Николай Гейник спасал жизни на передовой. Несколько раз чудом оставался жив, вывозя раненых во время обстрелов. Сегодня врач снова готов идти на фронт.

Заведующий хирургическим отделением Ровенского гарнизонного военного госпиталя подполковник медицинской службы Николай Гейник вместе с коллегами выехал в зону АТО 30 июля 2014 года.

— Нашей задачей было сменить врачей, которые уже 45 суток оказывали медицинскую помощь на передовой, — рассказывает Николай Гейник. — В группе, отправлявшейся на замену, было два хирурга, врач-анестезиолог, медсестра-анестезист, операционная сестра и три водителя. По дороге случилось невероятное — вместо Донецкой области нас привезли в Луганскую. Поэтому, чтобы добраться к месту назначения, пришлось дополнительно потратить еще несколько суток. Четвертого августа наконец-то прибыли в село Коммунаровка Старобешевского района Донецкой области. Вскоре перебазировались в поселок Береговое, где шли бои, а потом в Иловайск. Если в Коммунаровке было спокойно, то здесь раненых привозили практически круглосуточно.

Самый ожесточенный обстрел Иловайска начался 24 августа. Враг шквальным огнем из «Ураганов» уничтожил практически всю боевую технику. Один из снарядов угодил в наши артсклады. Погибших было очень много. Когда мы поняли, что окружены вражескими танками, приняли решение выходить с боем из окружения. Единственный путь, который в то время остался, — озеро. Через него мы попытались прорваться. Со всех батальонов осталось 76 уцелевших бойцов. Сначала шли колонной, но после очередного минометного обстрела решили разделиться на небольшие группки.

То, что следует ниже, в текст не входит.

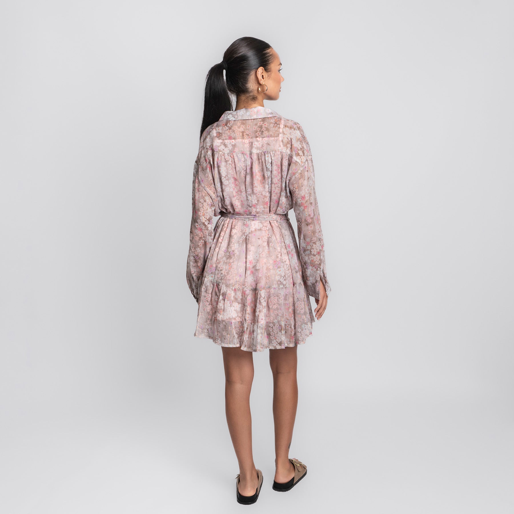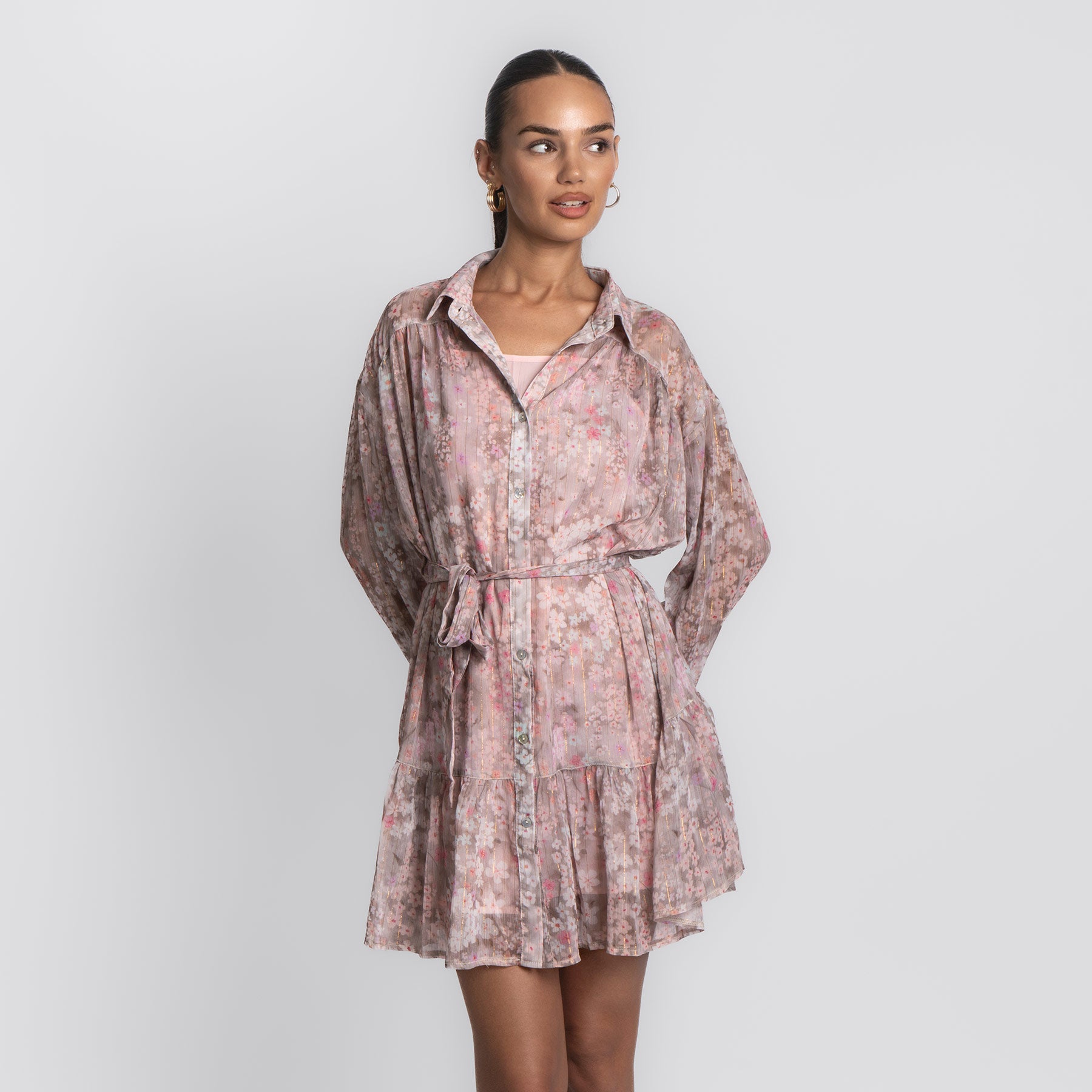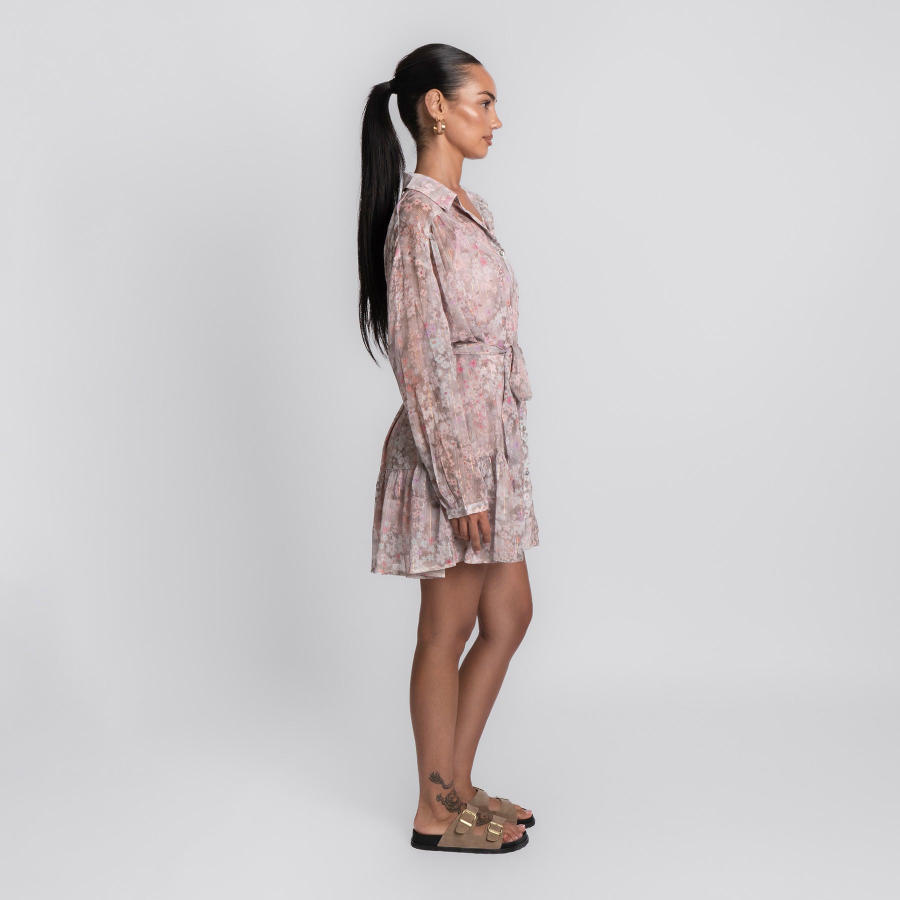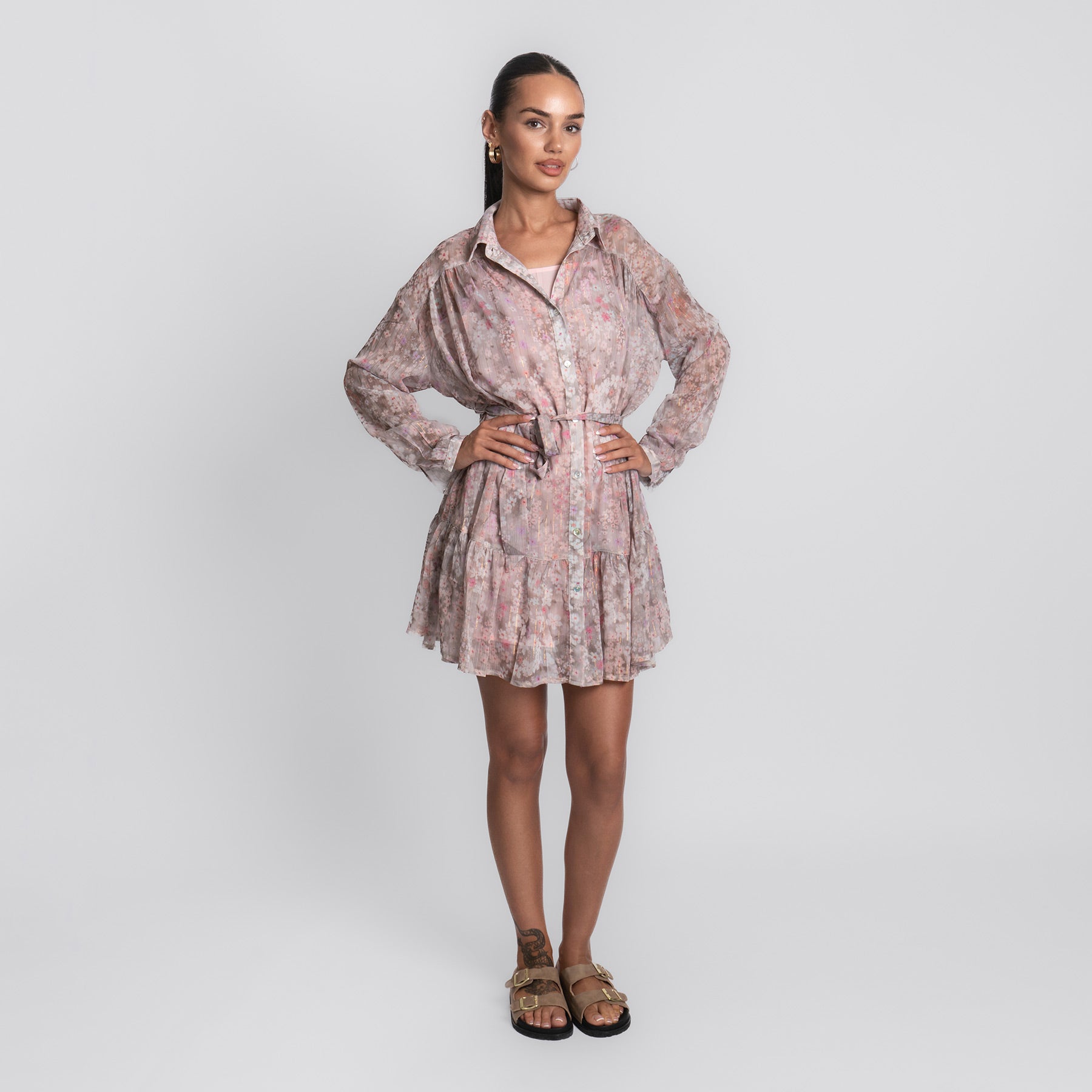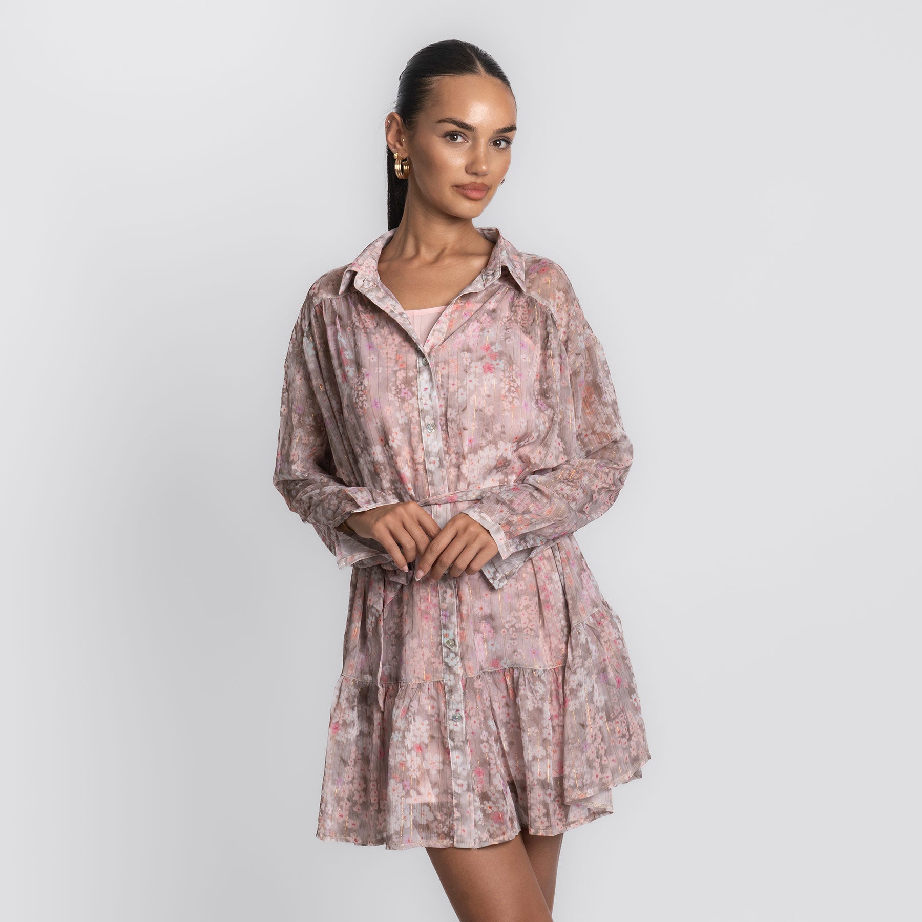 Zart, verspielt und wie gemacht für sonnige Tage – das Pink Flower Dress bringt romantische Leichtigkeit in deinen Look. Mit seinem floralen Muster in sanften Rosé- und Beigetönen, dem fließenden Schnitt und den feinen Details ist es ein echtes Lieblingsstück für Frühling und Sommer.

В группе подполковника Гейника, кроме самого врача, выходили из окружения восемь человек — водитель Николай Боярчук и семь солдат. В течение двух суток голодные, превозмогая жуткую жажду, бойцы прошли 60 километров.

— Я шел босым — утопил обувь во время переправки через озеро, — продолжает Николай Ярославович. — Поэтому на ноги пришлось завязать перевязочные пакеты. Мы шли по твердой каменистой почве, жутко болели ступни, и один из бойцов предложил мне шерстяные носки. Жара в августе стояла невероятная, но я с радостью согласился — шагать стало гораздо мягче. Мы шли днем и ночью, практически без отдыха. У одного солдата в кармане нашлась жвачка, которую мы поровну разделили между собой. К концу вторых суток наткнулись на небольшой родник и вдоволь напились воды. А утром во время обстрела семь человек попали в плен. Мне с одним из бойцов удалось ненадолго остаться незамеченным. Через несколько часов на нас вышли пятнадцать бурятов…

Пленных усадили на БПМ и повезли в тыл к врагу.

— По дороге меня стукнули прикладом по голове, поэтому не видел, куда везут, — вспоминает Николай Гейник. — Очнулся во вражеском окопе со связанными руками, глаза закрывала повязка. По голосу определил, что, кроме нас с бойцом, здесь находятся еще четверо пленных. Нужно отдать должное русским, которые поделились с нами своим пайком. Спустя двое суток нас отвезли в Снежное в местный горотдел милиции, где поместили в КПЗ. Там находилась тюрьма. Во время допроса начальник тюрьмы, узнав, что я медик, воскликнул: «Для тебя полно работы!» Посмотрев на мои босые ноги, он велел выдать ботинки (в них я был до самого освобождения). Мне сказали осмотреть раненых и составить список медикаментов.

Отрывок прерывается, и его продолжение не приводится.